Una storia in cui Dio “parla” (con la voce profonda, registrata, del grande Enzo Garinei) al prete di un paesino di montagna, il tenero e ironico don Silvestro di Scifoni, per annunciargli un secondo diluvio universale. E don Silvestro, dopo l’iniziale comprensibile incredulità, non solo continua l’inimmaginabile “dialogo” con il Padre, ma gli obbedisce, coinvolgendo i suoi parrocchiani che lo credono pazzo. Ma Dio sa farsi ascoltare anche da loro (con qualche semplice ma imprevisto tocco di campana che suona al solo alzare il dito del parroco) e si mettono di buona lena a costruire l’arca, proprio come ai tempi di Noè. Se il pubblico in sala ha qualche reminiscenza biblica, bene, altrimenti la paura dell’inondazione è comunque di sicura attualità. Il fervore è di tutti o quasi, perché ci sono un sindaco avido che non vuol fornire la legna per l’imbarcazione della salvezza e una fanciulla, Clementina (la vivacissima Sofia Panizzi che balla e canta splendidamente), che in realtà vorrebbe don Silvestro tutto per sé. E arriva anche una “straniera” di costumi facili, la frizzante Consolazione, interpretata brillantemente dalla Cuccarini, il cui nome è tutto un programma.

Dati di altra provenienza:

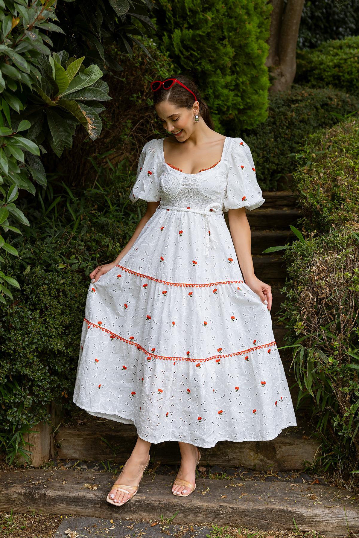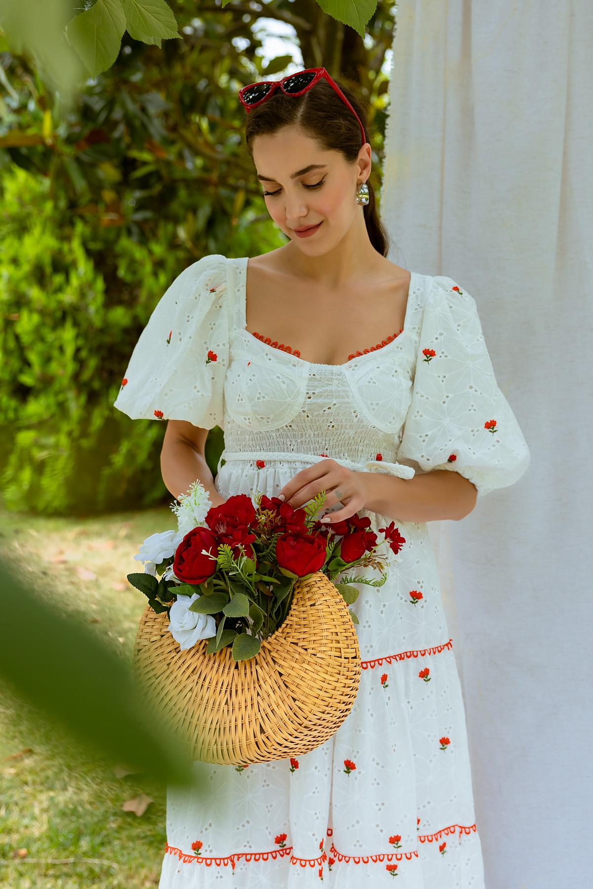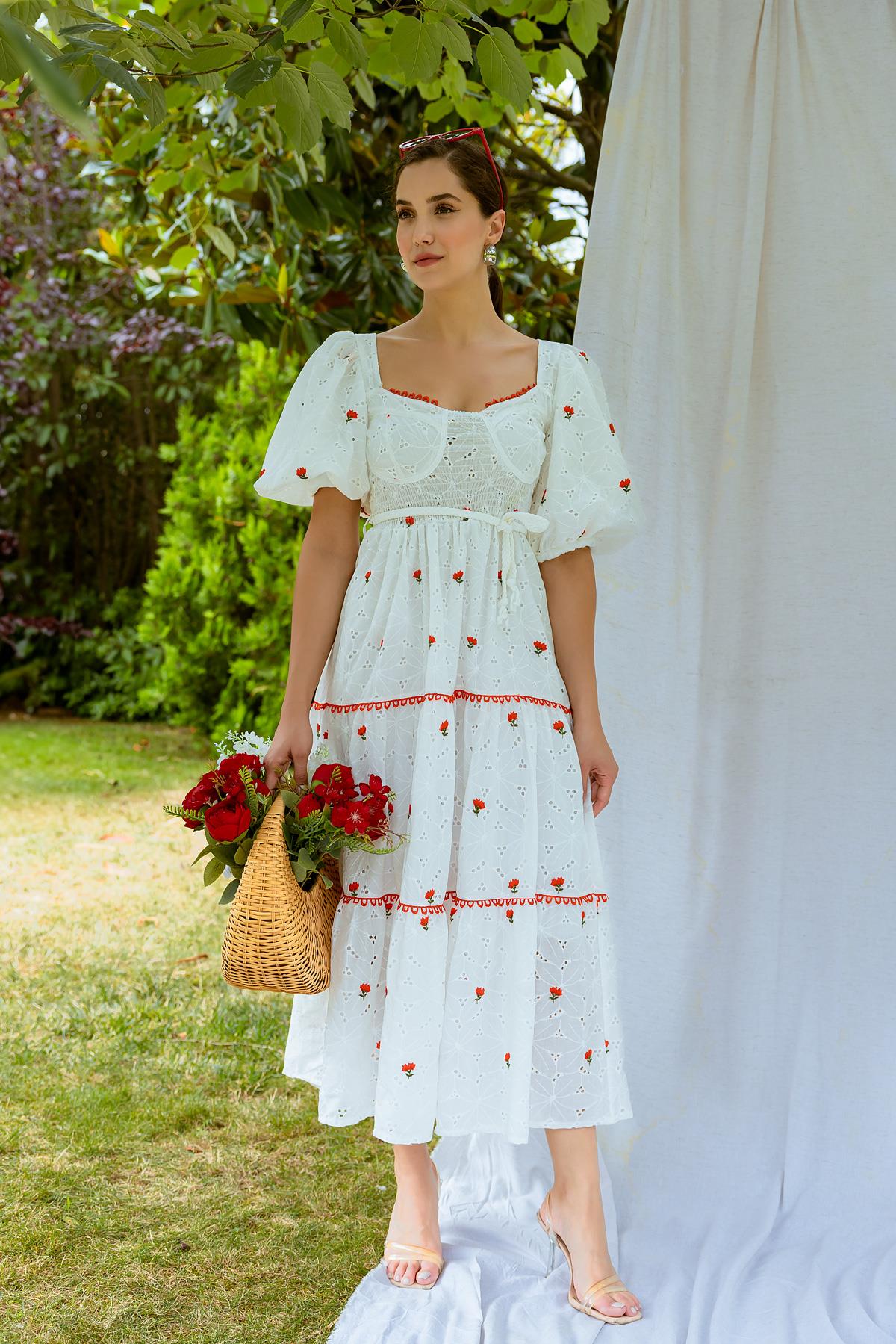 Nakışlı Fisto Elbise - NAR ÇİÇEĞİ (BDS383ELB0024116)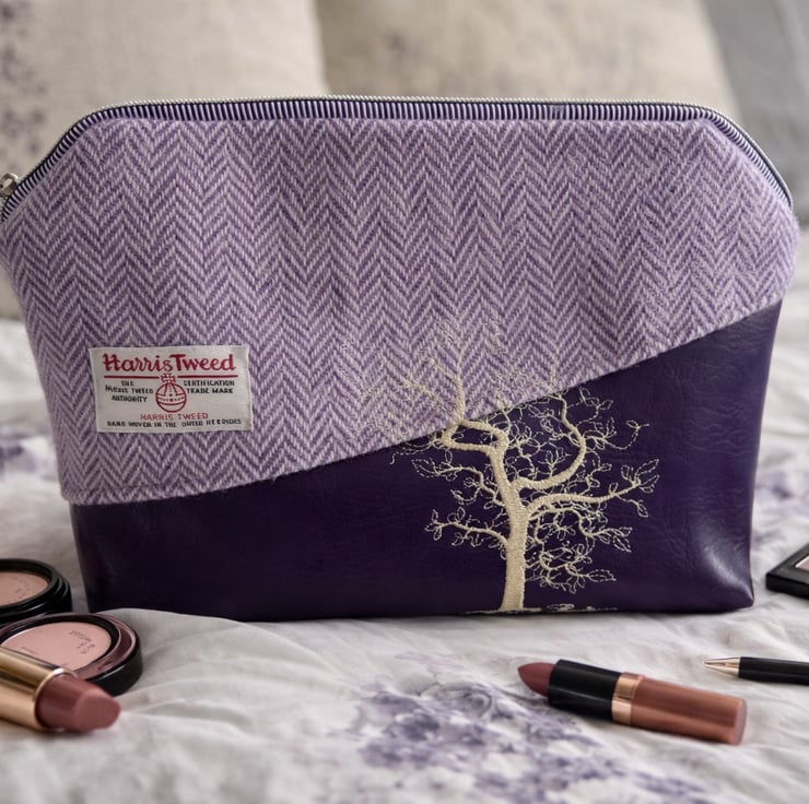 This is the Dandelion Toiletry bag. Made from a stunning Harris Tweed and a plain purple, good quality vinyl.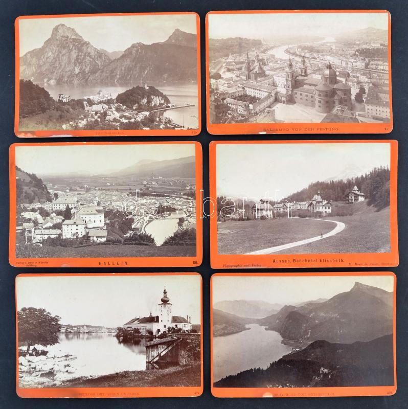 cca 1870-1880 Ausztria 28 db keményhátú fotó különböző városok képeivel Insbrucktól - Halstattig / cca 1870-1880 Austria Collection of 28 town view photos. Different cities from Salzburg, to Halstatt, Traunkirchen, Ausse. 17x11 cm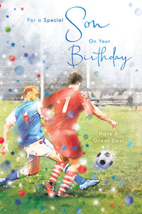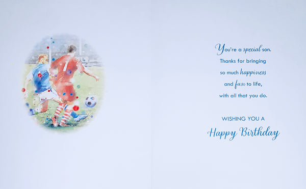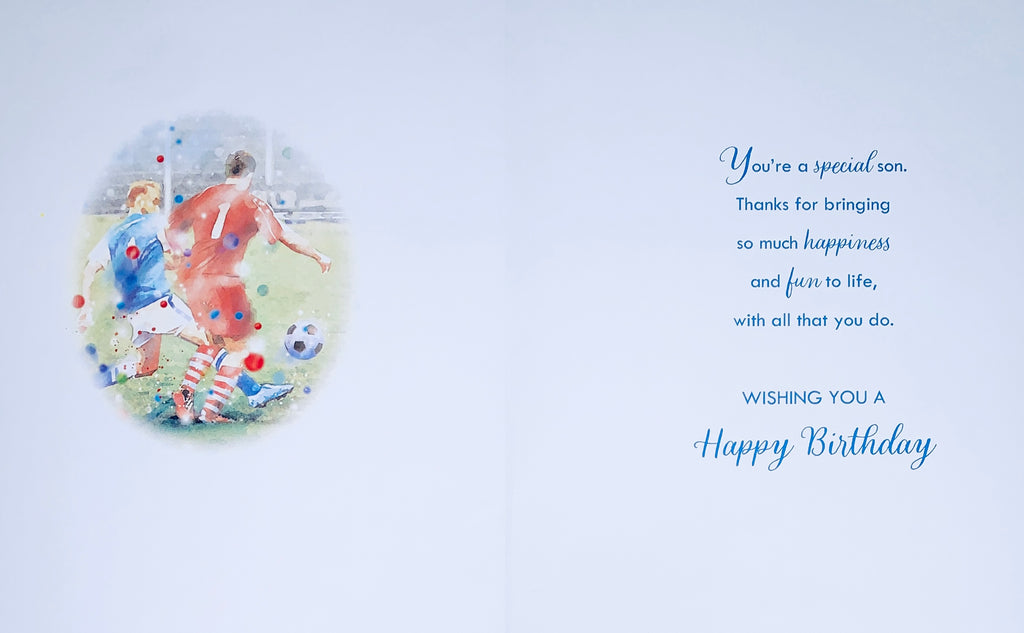 Wish your Son happy birthday with this football inspired Son birthday card. This Son birthday card is the perfect way to wish a footy mad son a happy birthday. Inside this Son birthday card is a full colour insert and the front is decorated with a blue foil finish. This Son birthday card is designed and printed in the UK.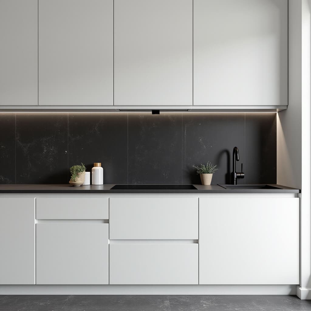 A dark porcelain tile countertop against white cabinetry — minimalism with character.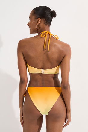 Vibrant poolside glamour comes guaranteed with these cheeky cut bikini bottom, detailed with a stand-out golden embellishment.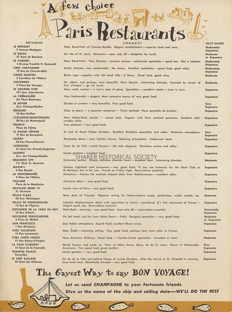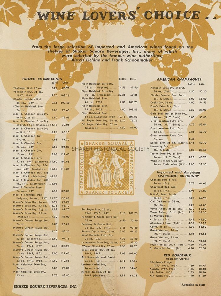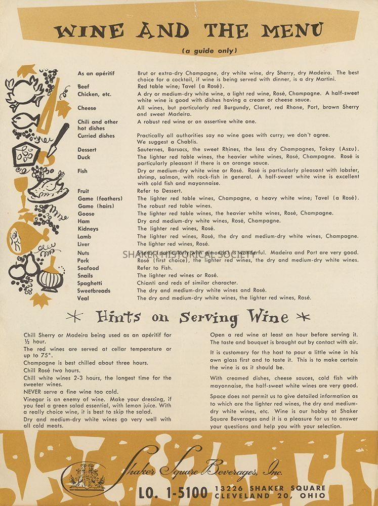 Shaker Square Beverages, Inc. trifold wine list from 1957. Heading along interior pages reads "Wine Lovers' Choice...Fine Wines from Shaker Square Beverages, Inc." Another page features a selection of Paris restaurants, while the back page offers wine and food pairings along with tips on serving wine.Acquisition
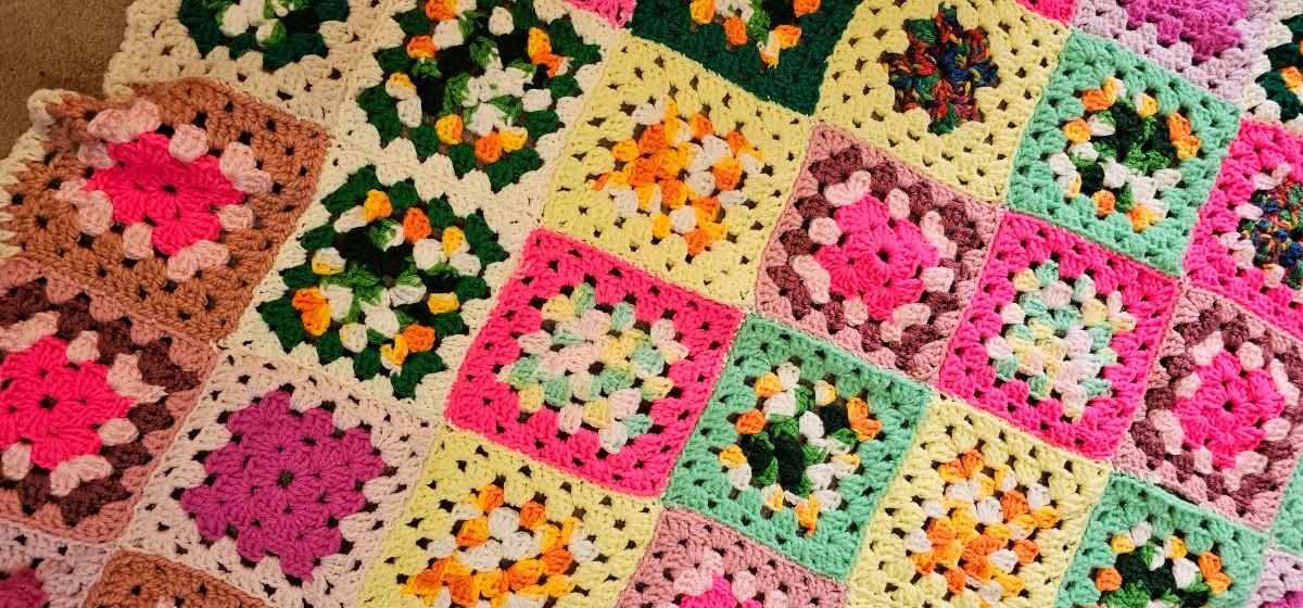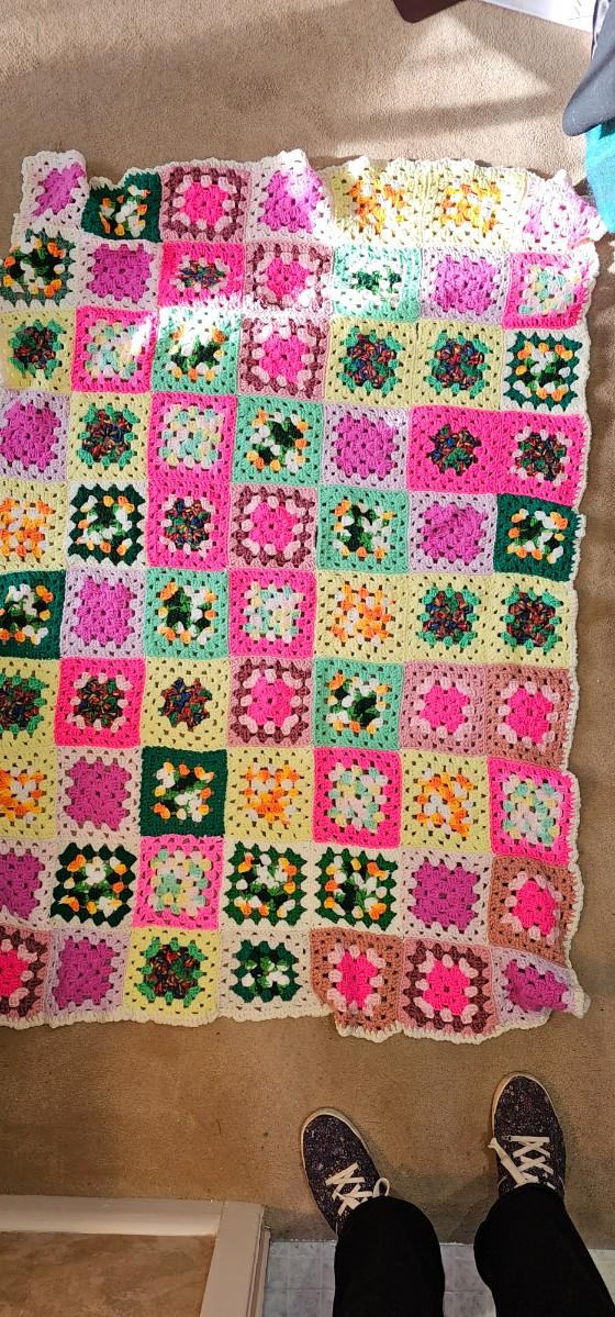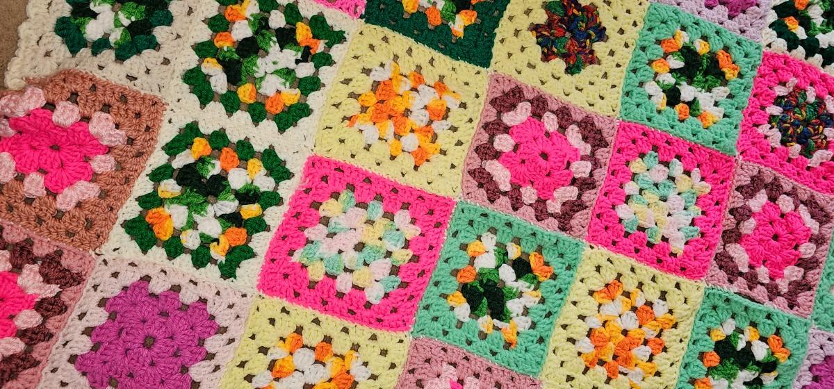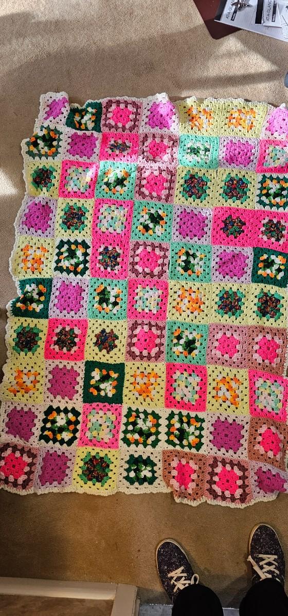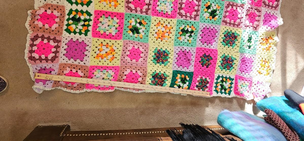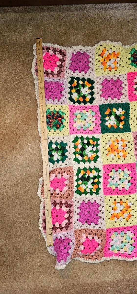COLORFUL crocheted throw 3' x 5'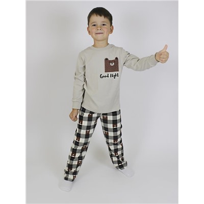 Фуфайка-прямая, рукав втачной, длинный на манжете из ластика. Печать на переде. Горловина обработана ластиком. Брюки-длинные прямые, верхний срез подшит с резинкой.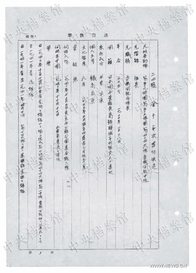 Photo released on Aug. 27, 2015 by the State Archives Administration of China on its website shows an excerpt from Japanese war criminal Yasuji Kaneko's handwritten confession. (Xinhua)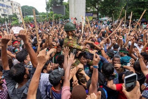 Sau khi bà Hasina rời Bangladesh ngày 5/8/2024, đám đông phấn khích công kênh một binh sĩ lên vai. Ảnh minh họa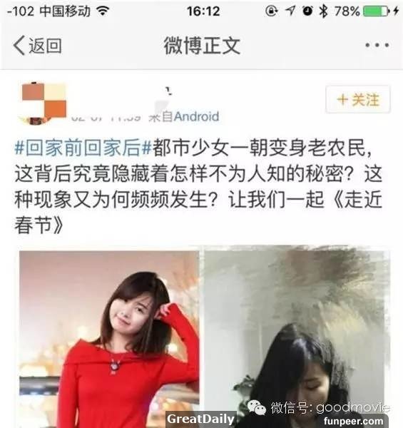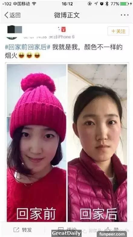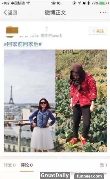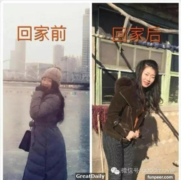 春節期間,網絡上興起了一個「春節回家之前之後照」的風潮。很多網友紛紛開始上傳自己在平時生活的模樣,和回到鄉下老家後的超大轉變。在都市裡生活的照片看起來都很時尚,但一看到他們回家後的照片……整個世界都有種酸酸的感覺,快來看看!1. 在都市超時尚,穿搭都很有巧思,但一回到鄉下,感覺她下一刻就要去耕田了…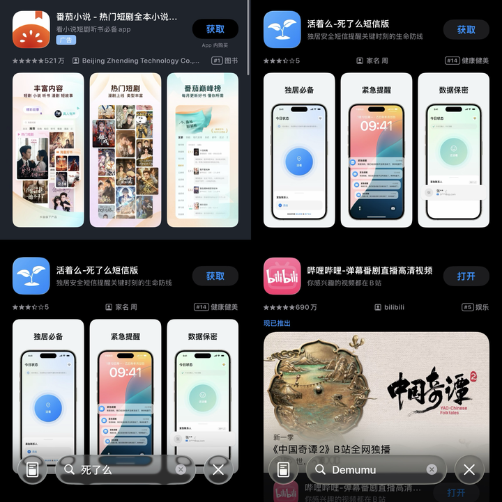 昨晚,「死了么」App 突发下架,在苹果 App Store 与安卓应用商店均已无法搜索下载,搜索结果中出现了多款名称相近的产品,包括「活着么 – 死了么短信版」「Dead Yet? Pro」「死了么漂流版」等。

Le cose si complicano, il paese che dovrebbe “impegnarsi” nella procreazione per ordine di Dio, proprio per salvare il mondo (quanto è attuale questo invito, oggi quasi insopportabile per le donne preoccupate innanzitutto della loro autonomia), è invece distratto dal puro piacere offerto con generosità dall’esuberante ed entusiasta Consolazione. Ma Dio sa risolvere anche questa delicata situazione e proprio l’estranea, che soprattutto le mogli sono pronte a condannare e a rifiutare, sa proporre a tutto il villaggio la via dell’accoglienza e della solidarietà. Una formica è solo una formica – canta allegramente – solo uno zero, una nullità; i granelli di sabbia per lei sono montagne, ma basta che abbia vicino le compagne e una formica smuove le montagne. Così il secondo diluvio universale si può affrontare insieme e Dio forse risparmierà il popolo di dura cervice. Don Silvestro comunque condivide fino all’ultimo il destino dei suoi fedeli, con quell’amore che proprio Dio, inizialmente adirato con chi non l’ascolta, gli ha insegnato.
E tutto finisce in gloria, come il pubblico, divertito ma anche avvertito del pericolo dell’egoismo, della maldicenza, dell’incredulità, si aspetta e attende: la tavola in festa attorno a cui si raccoglie tutto il cast. Ma c’è un posto vuoto, su cui atterra una colomba bianca (simbolo evidente della presenza di Dio) a cui don Silvestro dà da mangiare, sostenuto dal canto felice ed entusiasta di tutti gli attori: Aggiungi un posto a tavola che c’è un amico in più, se sposti un po’ la seggiola stai comodo anche tu, gli amici a questo servono a stare in compagnia, sorridi al nuovo ospite non farlo andare via, dividi il companatico raddoppia l’allegria. Un invito luminoso che ci apre all’altro e all’oltre.
Assistere allo spettacolo della Cuccarini e di Scifoni suscita il desiderio di stare insieme, di essere accoglienti, di ritrovarci attorno a un prete che ci riporti “la voce” di Dio per insegnarci a volere bene agli altri. Forse è proprio per questo che tanti corrono a teatro, spegnendo per due ore lo smartphone e uscendo dalla sala sentendosi più amici e “spalancando un sorriso”. Come quello contagioso di tutti gli interpreti, che danzando gridano con una sola voce: Evviva! Evviva!.